Onward State
- Website type: Student-run news website for the Penn State community
- Founders: Davis Shaver, Eli Glazier, Evan Kalikow
- Editor: Collin Ward
- Website: onwardstate.com
- Users: 16 million annually
- Launched: November 17, 2008; 17 years ago

= Onward State =

Student-run news website in Pennsylvania, United States

Onward State is a student-run news website geared toward members of the Penn State community in Pennsylvania. The website provides news, features, and commentary on issues impacting Penn State and State College. Onward State has published more than 34,000 stories since its founding in November 2008. It was voted the "Best Alternative Media Outlet" in a February 2009 online contest by U.S. News & World Report. Onward State has been cited in the New York Times, USA TODAY, ESPN, The Washington Post, and many other national news outlets. The Associated Press has described Onward State as "one of Penn State's smarter, if sometimes-snarky blogs."
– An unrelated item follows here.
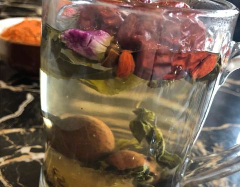 烤全羊是北方地区一种传统风味肉制品,不仅制作过程复杂,配备的烤炉烤架也很有讲究,早至清代,烤全羊宴始终是招待上宾的最好选择。大家烤羊庄为当地享有口碑的烤全羊餐馆,羊肉外表金黄油亮,内部肉绵软鲜嫩, 多瘦肉少脂肪,不肥不腻,膻味小,深得各地食客喜爱。餐前饮上一杯特制的西夏一品八宝茶,清胃清肠清口,为更好的食用和品尝羊肉做准备。

Its staff size, including a handful of internally selected editors, fluctuates every semester but generally settles at around 45 people, all Penn State students.

==History==
Onward State was founded in November 2008 by three freshmen (Davis Shaver, Eli Glazier, and Evan Kalikow) in their dormitories in Simmons Hall on Penn State's campus. The concept for Onward State was spearheaded by Shaver, who believed that other local media outlets were not adapting quickly enough to the digital age. For instance, The Daily Collegian, the official school newspaper, didn't have a Facebook page until 2009 and its Twitter feed was mostly automated links. As Shaver later put it: "At first, I thought that perhaps the idea could be realized through The Daily Collegian, a student newspaper with a deservedly-great reputation. That plan never came to a head, though; at the time, the paper just wasn't interested in doing things differently."

The site's first post, published on November 17, 2008, was an unsubstantiated rumor about Girl Talk performing at Penn State, which ended up being true. The website quickly picked up a small cult following among students, faculty, and administrators. It became known initially for its utility as a news aggregator and its snarky commentary, much of which was directed at then-President Graham Spanier. The site nicknamed Spanier "G-Span", began a satirical column called "The View from the University House" written in his name, and even photoshopped a picture of Spanier in a bikini.
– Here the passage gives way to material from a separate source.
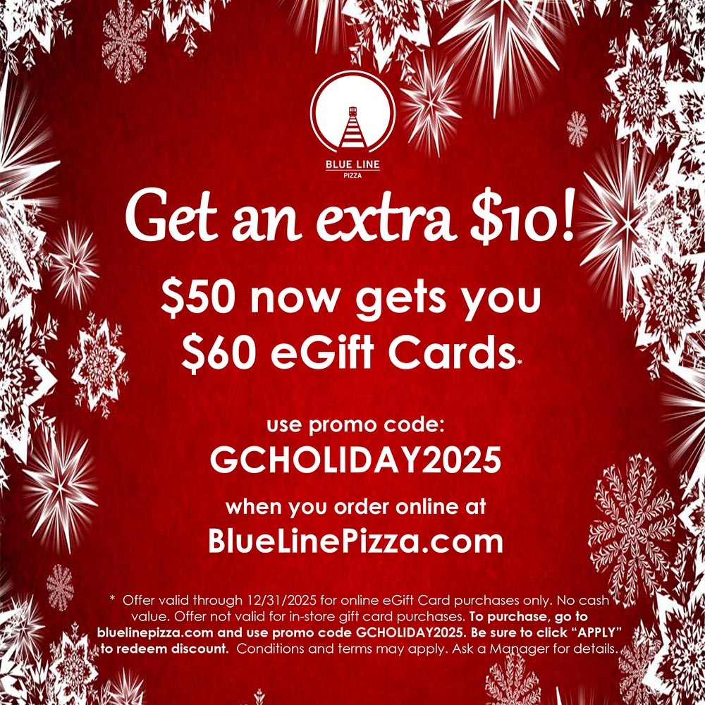 From now until the last day of 2025, you can get a $60 gift cards at Blue Line Pizza for only $50! That's a 20% bonus! Just use the offer code GCHOLIDAY2025 to claim your discount when you order your gift cards from Blue LIne Pizza.

Blogger Alison Go of U.S. News & World Report organized the online contest "Best Alternative Media Outlet" at the beginning of 2009 and Onward State beat blogs from UC Berkeley, Vassar, Wesleyan, Columbia, Georgetown, Middlebury, Yale, and an Ivy League conglomerate. The Daily Collegian first acknowledged Onward State at the time of the website's recognition. In an interview with the Collegian about next year's contest, Shaver explained "We have big ambitions... I think that we're just going to be more established, more of a name within the Penn State community by then. There is a strong possibility of being Alternative Media repeat champions."

On September 21, 2009, after a campus-wide search, Onward State was the first media outlet to report the tragic news that freshman Joe Dado had been found dead in a campus stairwell. It was the first major news break for the website, which resulted in a significant traffic increase and mainstream recognition. Onward State continued the trend toward producing original journalism for a digital audience in the coming years with its coverage of a student riot after the death of Osama Bin Laden, THON, and State Patty's Day. More so than its original news reporting, Onward State became known for irreverent features like "Drunk, Sober, High" and "Overheard at Penn State", along with its more laid student life" reporting style, like its discovery of the only on-campus Coca-Cola machine.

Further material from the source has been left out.